Largest box under the plane

We want to maximize $xyz$ subject to $2x + 7y + z = 12$ . By AM-GM, $12 = 2x + 7y + z \ge 3 \sqrt[3]{(2x)(7y)(z)} = 3 \sqrt[3]{14xyz},$ so $xyz \le \frac{4^3}{14} = \frac{32}{7}$ . Equality occurs when $2x = 7y = z = 4$ .

The volume of the box is given by

$V = x y z = x y (a - b x - c y)$

Taking the partial derivatives of $V$ with respect to $x$ and $y$ :

$V_x = y (a - b x - c y) + x y (- b) = y (a - 2 b x - c y)$

$V_y = x (a - b x - cy ) + x y (- cy) = x (a - b x - 2 c y)$

At the critical point (the extremum), $V_x = V_y = 0$ . Since $x \ne 0$ , $y \ne 0$ , then

$2 b x + c y = a$

and

$b x + 2 cy = a$

The solution of this linear system is $x = \dfrac{a}{3b}$ , $y = \dfrac{a }{3 c }$

Clearly this critical point corresponds to a maximum of $V$ , since at $x = 0$ or $y = 0$ the volume is zero. However, one can check that by taking the second partial derivatives:

$V_{xx} = y (- 2 b)$ , $V_{xy} = (a - 2 b x - cy) - c y = a - 2 b x - c y$ , $V_{yy} = x (- 2 c)$ , hence the Hessian matrix is

$\mathbf{H} = \displaystyle \begin{bmatrix} - \dfrac{2 a b}{3 c} && -\dfrac{a}{3} \\ -\dfrac{a}{3} && - \dfrac{2 a c}{3 b} \end{bmatrix}$

Since $-H_{11} = \dfrac{2 a b}{3 c} \gt 0$ and $| \mathbf{-H} | = \dfrac{1}{3} a^2 \gt 0$ , then matrix $\mathbf{H}$ is negative definite, and hence our critical point is a local maximum.
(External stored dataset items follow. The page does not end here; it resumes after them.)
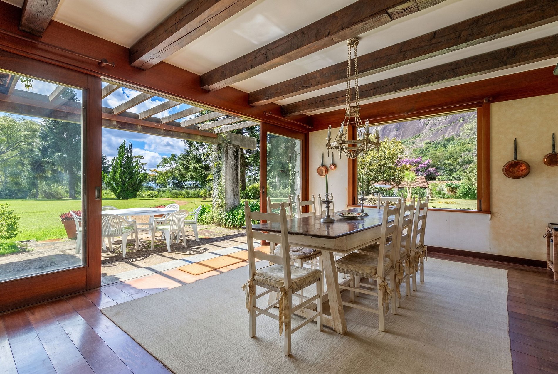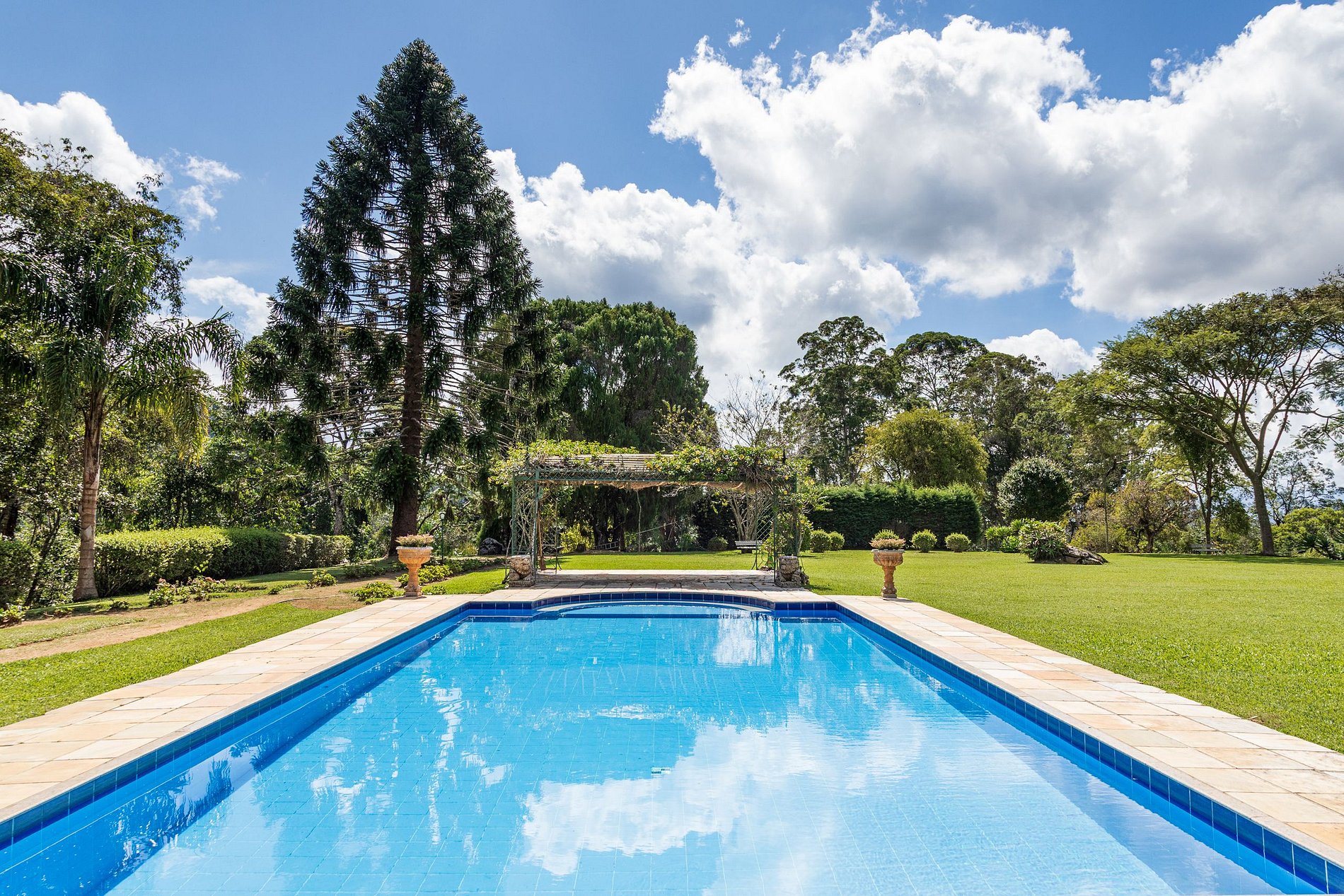 Venez découvrir cette magnifique maison avec une grande piscine et un vaste jardin, entourée de paysages superbes où l'air pur des montagnes de Rio de Janeiro offre un cadre parfait pour se détendre. Une destination idéale pour les amateurs de montagne, que ce soit pour explorer les sentiers ou simplement profiter de l'ambiance chaleureuse de Teresópolis.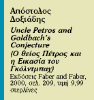 * «Ο θείος Πέτρος και η Εικασία του Γκόλντμπαχ» πρωτοκυκλοφόρησε στα ελληνικά το 1992 από τις εκδόσεις Καστανιώτη. Το βιβλίο θα επανακυκλοφορήσει σύντομα, βασισμένο στο ξαναδουλεμένο αγγλικό κείμενο.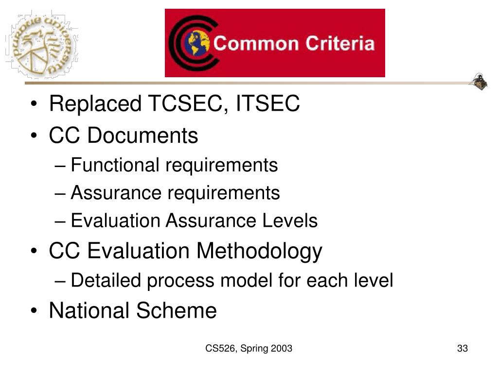 Replaced TCSEC, ITSEC • CC Documents • Functional requirements • Assurance requirements • Evaluation Assurance Levels • CC Evaluation Methodology • Detailed process model for each level • National Scheme CS526, Spring 2003
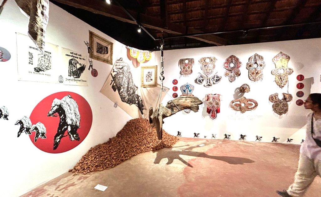The Panjeri Artists’ Union is an anti-caste art collective based in Banipur, West Bengal, through their project, ‘Assemblies of Hope Amidst the Death-Worlds: A 100-Day Work Proposition’, which is a central highlight of the 6th Kochi-Muziris Biennale (2025–2026). This project, set up at the front of the main venue, Aspinwall House, is an ‘assemblage’ that points to this era and its ‘shady’ incarnations. It critically examines and artistically educates contemporary audiences about caste and its various articulations.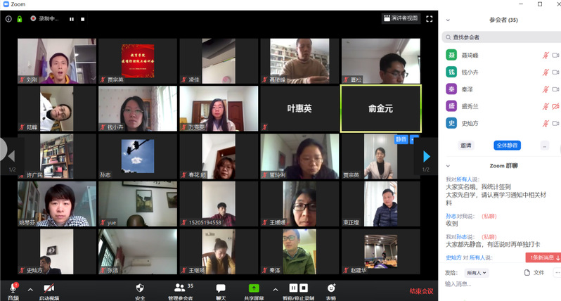 2020/04/15教育学院召开疫情防控专题线上培训会为贯彻落实学校《关于组织开展教职工返校“防疫第一课”的通知》文件精神,切实提高教师防护意识和防疫能力 -
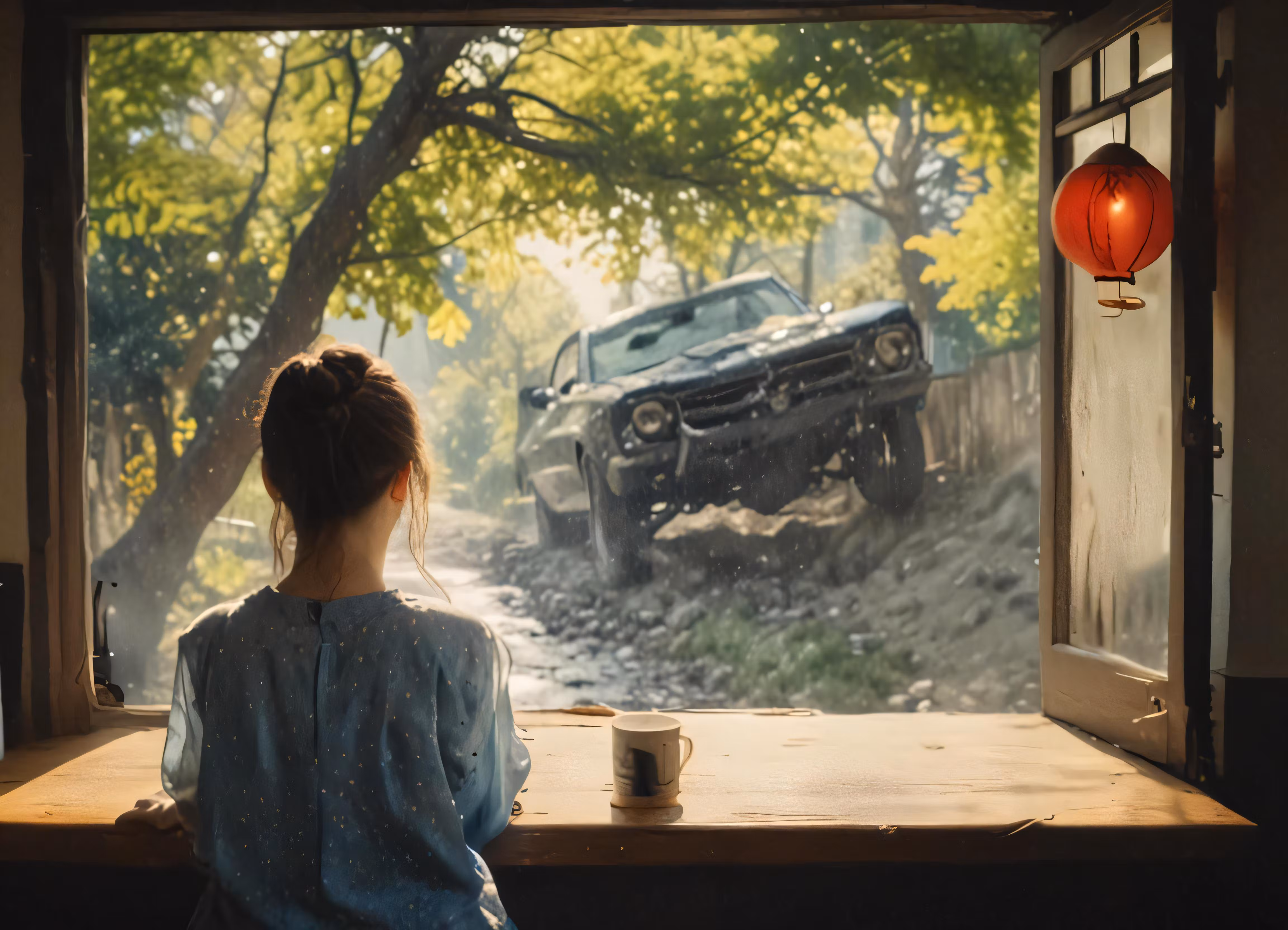 High resolution picture, free to use, a woman looks out an open window to the countryside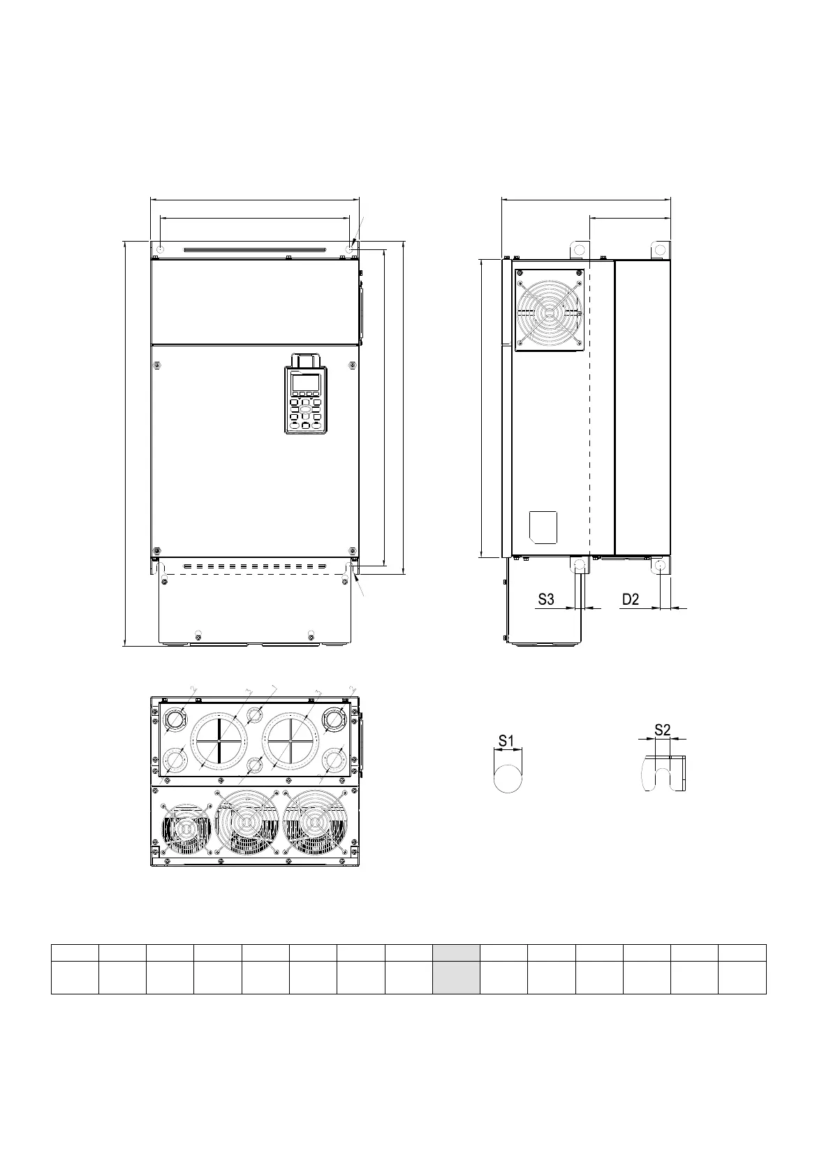 Frame W H D W1 H1 H2 H3 D1* D2 S1, S2 S3 Φ1 Φ2 Φ3

At this point, $z = a - b x - c y = \dfrac{a}{3}$

Therefore, the maximum volume is $V_{\text{Max} } = \dfrac{a^3}{27 b c }$

Substituting $a = 12, b = 2 , c = 7$ , gives us $V_{\text{Max}} = \dfrac{12^3}{27(2)(7) } = \dfrac{32}{7}$

Thus the answer is $32 + 7 = \boxed{39}$